John Ladner, a board member of  GettLove, a homeless services organization that has worked with Hollywood 4WRD, said he has seen the homeless outreach effort grow within the community.

Hollywood 4WRD started by hitting the streets to register the homeless, take surveys and photos, he said. The coalition then attracted more groups, which had previously worked separately, to work together using their particular strengths, to assist the community’s homeless.

Ladner said there may be as many as a two dozen groups active in the coalition right now and at the Social Service Center. GettLove works with three groups, Step Up on Second, Housing Works and PATH on a daily basis.

“We recognize the homeless as part of the fabric of the community," Ladner said. "Far too long our neighbors have been living on the streets. We embrace them and further our efforts through companionship-based service. We use our relationship to help with (Veterans Affairs), housing and employment."

Alex Salazar has worked for the church in a variety of jobs for the last 10 years. Salazar said the nuns there made it clear they needed more help so he stepped up. He said he had witnessed what a disaster it was when the police kicked the homeless out of Skid Row a few years back. 

“I’ve lived here 25 years," Salazar told Patch as he made his way around the sitting area greeting all the clients of the day by name. "This is my community and I care about these people. Some of them I went to school with. I show them love and care. That’s what they truly need. But it’s a mutual thing. I feel good that they appreciate us.”

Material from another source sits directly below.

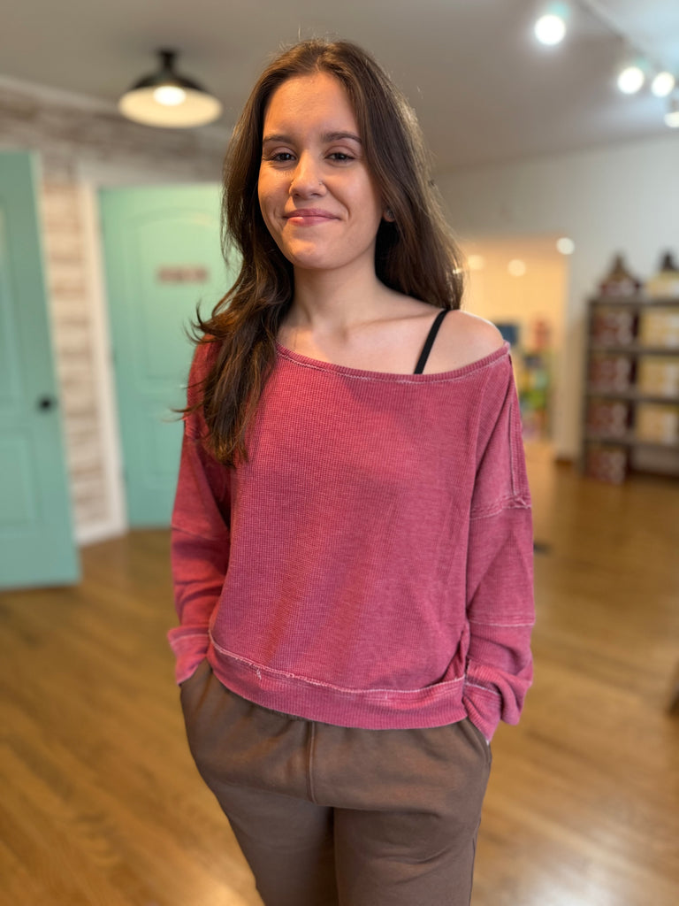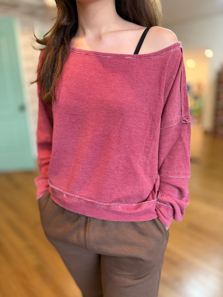 A laid-back essential with an edge. This cotton blend boat neck long sleeve features a mineral wash finish for a lived-in look, waffle knit fabrication for texture, and raw edge details that add effortless character. Designed with a drop shoulder, back seam, and sleeve seam accents, it’s the perfect blend of casual comfort and modern detail.

Tina Colbertson, the cook at the Social Services Center was just finishing breakfast service and starting to make three-bean firehouse chili with corn bread for lunch. She said she doesn’t like to be called “chef,” but she creates the menu and cooks 150 to 350 meals per day. She said she prides herself on being resourceful using donated fruits and vegetables from the farmers market every week.

“They are some of the most honest people in the world and I really respect their opinion about my food," Colbertson said. "They will tell me if they don’t like something so I’m really happy when they tell me they do like my food."

Keegan Hornbeck, outreach and housing assistant for GettLove, said the best part of the coalition is the cooperation.

"It is unprecedented to have all these groups sitting at the same table and we are using the best each agency has to offer," Hornbeck said.

Myran Moskovic said he has been homeless a long time. He has been living in an abandoned house, but said it is too dangerous and would love to find a home. He has been coming to the Social Services Center for two years to get his medication, showers and clothes.

“I have two brothers in Los Angeles, Sammy and Steve, but I lost them when my parents died," Moskovic said. "They don’t know I’m homeless. This place has good people, delicious food. Shelters are dirty and noisy."

Javier Ortega said he has been living on the streets for eight years since his diagnosis of schizophrenia. He said he sleeps on sidewalks and sometimes at the criminal court building because it’s safe there.

“It's either that or the Greyhound bus station," Ortega said. "I can take showers, get my mail and it’s good to get this contact with people. I think about getting a home."